Shifting a 915 is sloppy, compared to almost everything else built in 1980. It's just the nature of the beast - and part of the charm, along with the old school synchros. But you probably can't evaluate just where yours falls on the spectrum without a mental map of a "good" and a "bad" 915 to compare it to. So if this is your first 911, get someone who knows what they should feel like to check it out for you.
It would be useful to go through the receipts you got with the car to answer the other vital question/other part of the puzzle; how many miles on the transmission since it was last serviced?

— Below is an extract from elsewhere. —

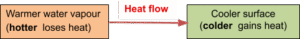 (✔) Correct: The warmer water vapour loses heat to the cooler surface and changes its state from gas to liquid.

Many appear to be in denial about how frequently the 915 should be serviced, but if you want the tightest/crispest shifts it can give you (which still won't resemble any modern car, but will be a lot better than a worn-out box), then you should consider that any 915 will probably benefit from a refresh around 100-120,000 miles unless it spent all its life on the freeway. Wear inside the box won't be fixed by any manner of messing about with the shifter, coupler or the bushes.

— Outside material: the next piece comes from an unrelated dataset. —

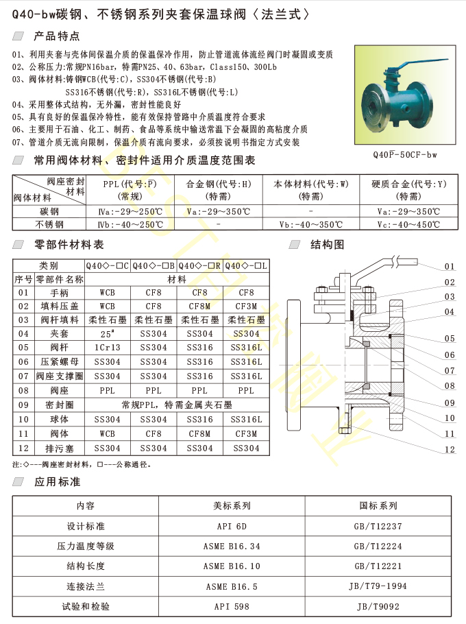 Q40-bw碳钢、不锈钢系列夹套保温球阀〈法兰式〉

Shifting my 1st 915 (with 230K on it, and opened at least twice before I got it) was like moving a stick around in a bucket of rocks.

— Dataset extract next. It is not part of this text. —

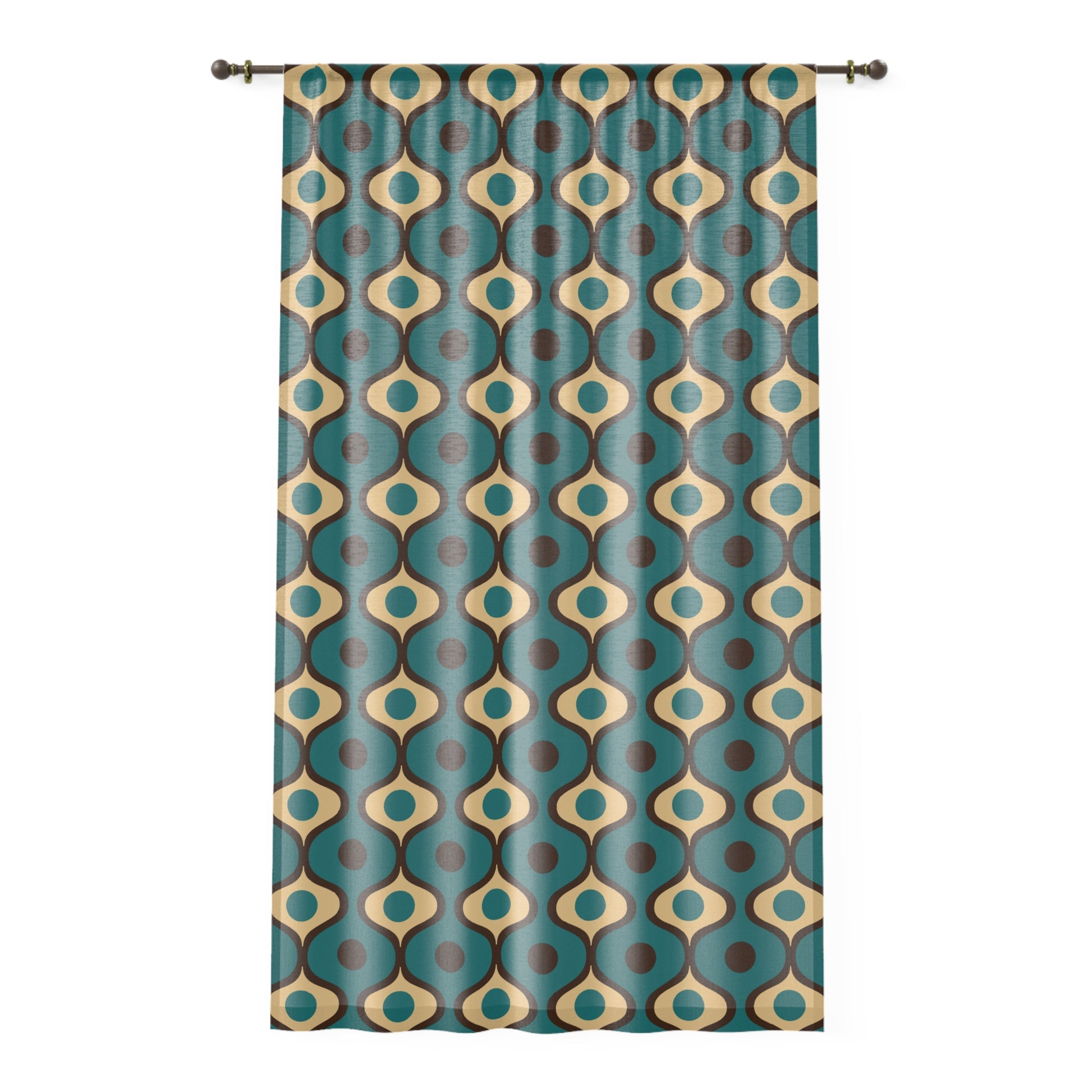 This sheer window curtain features a funky 60's and 70's mod design in a fab retro blue & brown color palette, that adds style to your room, while softening the light coming through the window. Changing your curtains is one of the most cost effective ways to make a dramatic impact on the look of your room! These curtains are sheer which means they are lightweight and mostly see-through.

Rebuild/swap in a late 915 later, totally different experience - with exactly the same factory shifter and bushes etc fitted (because they were good to start with). Additionally, I can report that, contrary to popular belief, a 915 in good condition will happily shift into 1st while still moving. Considerably above 3 MPH too...
Although once you've seen the invoice for the synchros, dogs, bearings and rebuild labor, you'll probably only do that in conjunction with rev matching/double-declutching...
Hope you get lucky. A 915 rebuild done right can make a WEVO shifter and gate shift kit look cheap.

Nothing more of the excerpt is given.